Gaudi2 triples the number of cores compared to Gaudi. This allows Habana to claim a 2x performance advantage over the A100, as measured in a number of benchmarks (one pictured below). In other words, Habana currently has undeniable leadership in AI performance (ignoring Cerebras’ Wafer-Scale engine). BesidesGaudi2 also tops the A100’s 80GB memory, and like the first, Gaudi still relies on the open Ethernet interconnect instead of Nvidia’s proprietary NVLink:
Gaudi2 triples the enclosure’s built-in memory capacity from 32 GB to 96 GB of HBM2E at 2.45 TB/sec bandwidth, and integrates 24 x 100 GbE RoCE RDMA network cards, on-chip, for scaling and scaling using standard Ethernet.
While people may notice that Nvidia will launch its H100 Hopper GPU in Q3, making Habana’s leadership only short-lived (Nvidia claimed 3x base performance over the A100), Gaudi2 will remain a compelling alternative. Especially since some of the advantages mentioned above (7nm wafers being cheaper than 5nm wafers and Habana not trying to obtain the same gross margins as Nvidia) remain valid.
Perhaps as a caveat, Gaudi2 has a significantly higher TDP than the A100, so in terms of performance per watt the difference is smaller.
Ultimately, what’s most optimistic about Gaudi2 is that it provides a 2x performance advantage over the A100 in the same process node. This suggests that Habana simply has a superior architecture that lacks all the heft inherited from the A100 being a GPU with AI capabilities.
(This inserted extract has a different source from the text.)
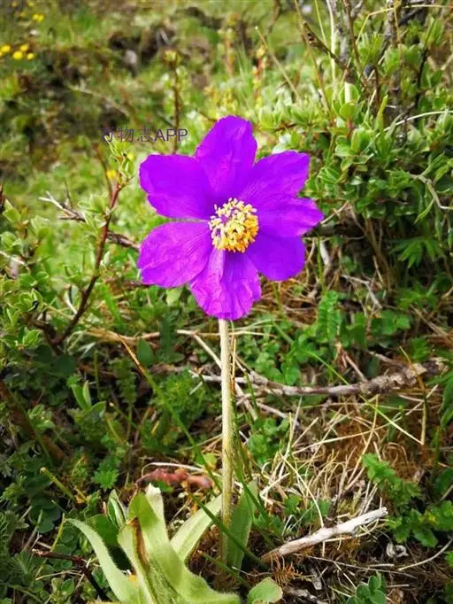一年生草本。主根短而肥厚,圆锥形,长4-6厘米,粗约1厘米。叶全部基生,叶片倒披针形或长圆状倒披针形,长3-8厘米,宽0.5-1.5厘米,先端钝或圆,基部渐狭而入叶柄,边缘全缘或波状,稀具疏锯齿,两面被黄褐色、卷曲的硬毛;叶柄线形,长2-6厘米。花葶高15-20厘米,被黄褐色平展、反曲或卷曲的硬毛。花1(-11)朵,单生于基生花葶上;花芽宽卵形,长的1厘米,宽约1.5厘米;萼片边缘薄膜质,外面被黄褐色、卷曲的硬毛;花瓣5-9,卵形或倒卵形,长4-5厘米,宽2-3.8厘米,先端圆或钝,深蓝紫色或紫色;花丝上部1/3丝状,下部2/3突然扩大成条形长约1.5厘米,与花瓣同色,花药长约1毫米,橘红色或浅黄色;子房卵珠形或近球形,长约5毫米,密被黄褐色紧贴的硬毛,花柱长约5毫米,柱头长约5毫米,裂片分离或连合成棒状。蒴果椭圆状长圆形或狭倒卵珠形,长约2厘米,疏被硬毛,4-6瓣自顶端微裂。种子镰状长圆形,种皮具纵条纹或浅凹痕。花果期6-9月。

So when Habana finally achieves process node time-to-market parity, it will likely have clear leadership. (If Gaudi2 had launched in 2020, it would have had 2x leadership for 2 years instead of 2 months.)
Potential impact on inventory
A successful foray into AI could not only fuel Intel’s growth, but it could also serve as a key indicator of Intel’s technology leadership. If investors recognize this (with Intel working out some of its other issues over the next few years), then perhaps the stock market will reward Intel with a higher multiple, similar to Nvidia and others.
As a reminder, this was one of the two pillars of Pat Gelsinger’s “double double” strategy for the stock price: double the earnings at double the multiple.
Takeaway for investors
The launch of Gaudi2 is above all a moral victory. On the same process node, Habana claims it provides a 2x performance advantage over the A100. However, with Nvidia moving to the H100 next quarter, Habana’s leadership will admittedly be short-lived. Nevertheless, Gaudi is the first line of chips from many startups that have emerged that seriously challenges Nvidia. The other encouraging sign is that it’s launching only six months after Gaudi became available from AWS (albeit with a six-month delay), suggesting that Habana is steadily reducing its process disadvantage. While AWS hasn’t announced anything yet about plans to introduce Gaudi2, it should allow Habana to maintain its existing performance-per-dollar advantage in the cloud.
On a higher level, 2022 marks an important year for Intel’s AI strategy, following many years of development. After Gaudi2, Intel will further release its Ponte Vecchio GPU (which should have similar performance to the H100) as well as the Sapphire Rapids Xeon processor with AMX matrix acceleration instructions – these are like Tensor cores inside each processor, eliminating the need for a separate processor. GPUs. In the second half, Intel will also launch Sapphire Rapids with HBM.
In summary, Nvidia is far from the only competitor in AI, whose market share leadership is primarily in the training part of AI model building, not inference where the Xeons are (MORE ) widely deployed for years already. By the end of the year, Intel will have not one but three leading products to compete in this space. Given Nvidia’s premium pricing and margins, the current market share status quo seems untenable.